When polled, the public say there is no point investing in improving the community if it is just going to be vandalised by criminals. You can’t level up without tackling crime.

Labour’s new action plan will crack down on the antisocial behaviour that is blighting communities. Respect orders will create a new criminal offence for adults who have repeatedly committed antisocial behaviour and are ignoring warnings by the courts and the police.

Labour will introduce new town centre police patrols and a mandatory antisocial behaviour police lead for every local neighbourhood as part of Labour’s neighbourhood police guarantee, with 13,000 extra neighbourhood police and PCSOs.

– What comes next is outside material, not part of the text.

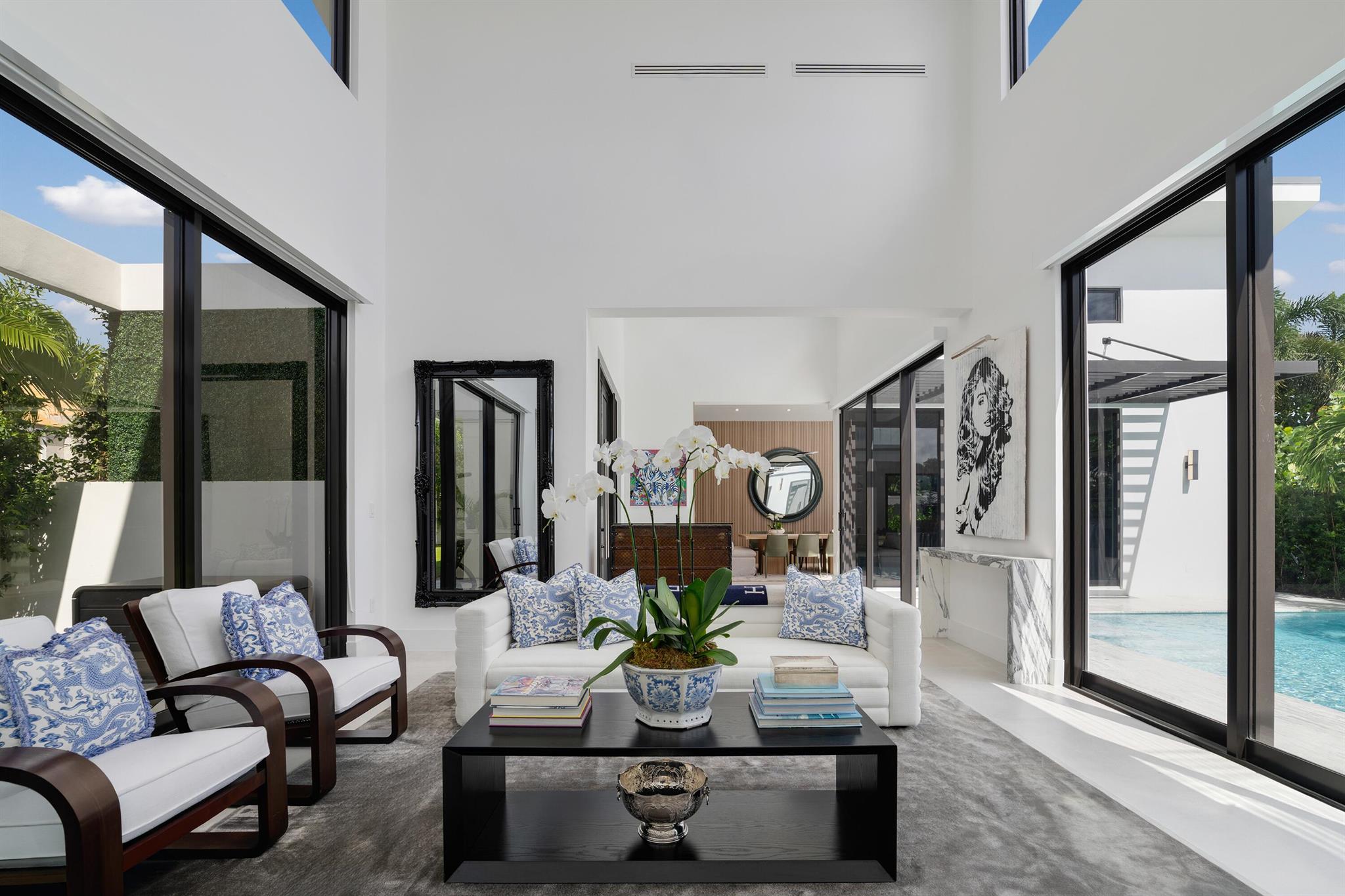 Set on a 9,345+/- square-foot lot, this SoSo residence combines privacy, thoughtful design, and a prime location near the Intracoastal bike path and Palm Beach Island. This contemporary residence offers 4,690+/- total square feet with 4 bedrooms, 3 full bathrooms, and two half bathrooms. Recent updates, including a new pool, all-new landscaping, a gated entry, and a perimeter wall, enhance privacy and curb appeal while maintaining a streamlined modern aesthetic.The main living areas are oriented around the pool, creating a natural connection between indoor and outdoor living. The living room features soaring ceilings and expansive sliding glass doors that open east to the pool and west to a terrace and lawn surrounded by mature trees and lush greenery.

We will strengthen powers for police to shut down crack houses, introduce a national register of private landlords, and a duty for local partners to tackle antisocial behaviour with mandatory antisocial behaviour officers in every local authority area.

The next Labour government will not let another generation of lost boys and lost girls grow up without hope. That’s why Labour will introduce a full prevention and diversion programme, with new youth mentors for children and young people most vulnerable to crime and access to mental health professionals in every school.

 Where the Conservatives have dismantled neighbourhood policing, Labour will bring it back.

Where the Conservatives have weakened anti-social behaviour powers, Labour has a tough new plan to tackle it. Where the Conservatives forgot about our young people, Labour will prioritise them. Where the Home Office pushes blame to local forces and never takes the lead, Labour will be an active government legislating for mandatory police standards.

People are tired of feeling like their problems will be ignored, that our values of community and respect are being ground down by a government taking the backseat on law and order.

The next Labour government will bring back security and respect to our communities. We will work hard to restore public faith in policing. Labour will revive the reassurance that if you are a victim of a crime, something will be done.

 

Sarah Jones, Labour MP for Croydon Central.